Section 7 clarifies the Maine Revised Statutes, Title 17-A,
section 454, subsection 1, paragraph A, which concerns
tampering with a witness, informant, juror or victim, by
specifying that the actor must be aware at the time the actor
induces or otherwise causes, or attempts to cause, a witness
or informant to testify or inform falsely that such testimony
or information is false.

 
Section 8 amends the Maine Revised Statutes, Title 17-A,
section 1108, subsection 5, which concerns acquiring drugs by
deception, to clarify that the trier of fact is permitted, as
authorized by the Maine Rules of Evidence, Rule 303(b), to
infer the causation element of "acquiring" from the act of
deception described in Title 17-A, section 1108, subsection 2,
paragraph A or B. The section is not intended to create a
conclusive presumption.

 
Section 9 strikes from the Maine Revised Statutes, Title 17-
A, section 1158, which concerns the forfeiture of firearms,
the reference to the "judgment of conviction" to eliminate
confusion. The forfeiture of a firearm is part of the
sentence while the sentence is part of the judgment.
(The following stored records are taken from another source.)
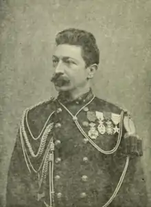 Alphonse van Gèle was born in Brussels on 25 April 1848.[1] He enlisted as a volunteer in the 8th Line Regiment in 1867, was made a sub-lieutenant in 1872 and became a lieutenant in the 3rd Line Regiment in 1878. He was appointed Adjoint d'État-Major (Deputy Chief of Staff) in 1881.[2]
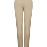 Women's slim fitting chino with added stretch for comfort and ease of movement. Includes YKK front zipper, belt loops, slanted side pockets, two single jet back pockets, back darts for added fit and DTM buttons. BSCI certified.
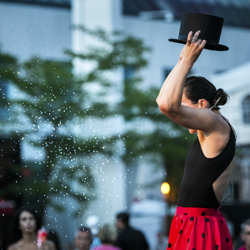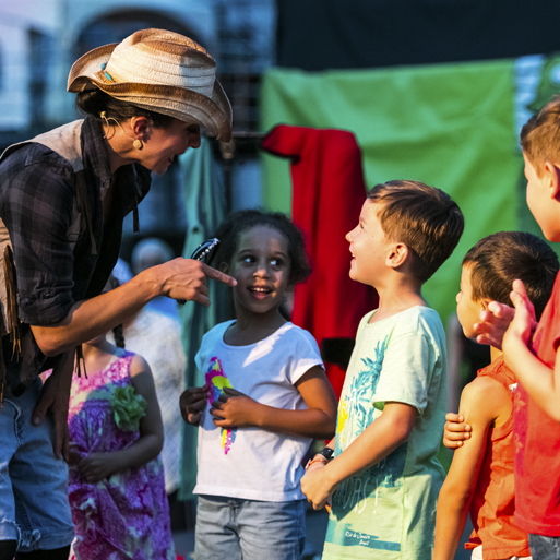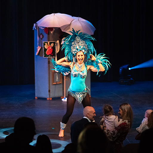 Eh bien, un vent de magie souffle sur l’empilade de coffres et de malles qui s’ouvrent les unes après les autres. Tout à coup, les rythmes s’emballent pour créer un spectacle électrisant, une course folle où les métamorphoses se succèdent, nous invitant par l’occasion à pénétrer des univers plus colorés les uns que les autres. Du Charleston au Gumboot en passant par le Bollywood et la Samba, Fifi bric-à-brac nous offre ses carnets de voyage teintés de poétiques pirouettes et d’arabesques abracadabrantes. Une aventure grisante qui décoiffe et dégourdit, pour le plaisir des grands et des petits !

See the
Maine Rules of Criminal Procedure, Rule 32(b).

 
Section 10 provides for the tolling of a Maine sentence
involving imprisonment in the event the person in execution of
that sentence is a recalcitrant witness in a grand jury or
criminal proceeding in a Maine court of record and has been
ordered into coercive imprisonment as a remedial sanction for
refusing to comply with an order of the court to testify or to
provide evidence.

 
In 1988 the Legislature doubled the maximum sentence of
imprisonment for Class A crimes from 20 years to 40 years.
See Public Law 1987, chapter 808, codified as the Maine
Revised Statutes, Title 17-A, section 1252, subsection 2,
paragraph A. In 1991 the Law Court examined the legislative
history of that Act and determined that the legislative intent
was to "make available two discrete ranges of sentences for
Class A crimes." See State v. Lewis, 590 A.2d 149, 151 (Me.
1991). Most Class A crime sentences were intended to remain
in the original 0 to 20 year range, while the "expanded range"
of 20-40 year sentences was reserved "only for the most
heinous and violent crimes committed against a person" (590
A.2d at 151). The sentencing court was to apply this
"heinousness" standard "in its discretion" as a sentencing
factor, subject to appellate review (590 A.2d at 151).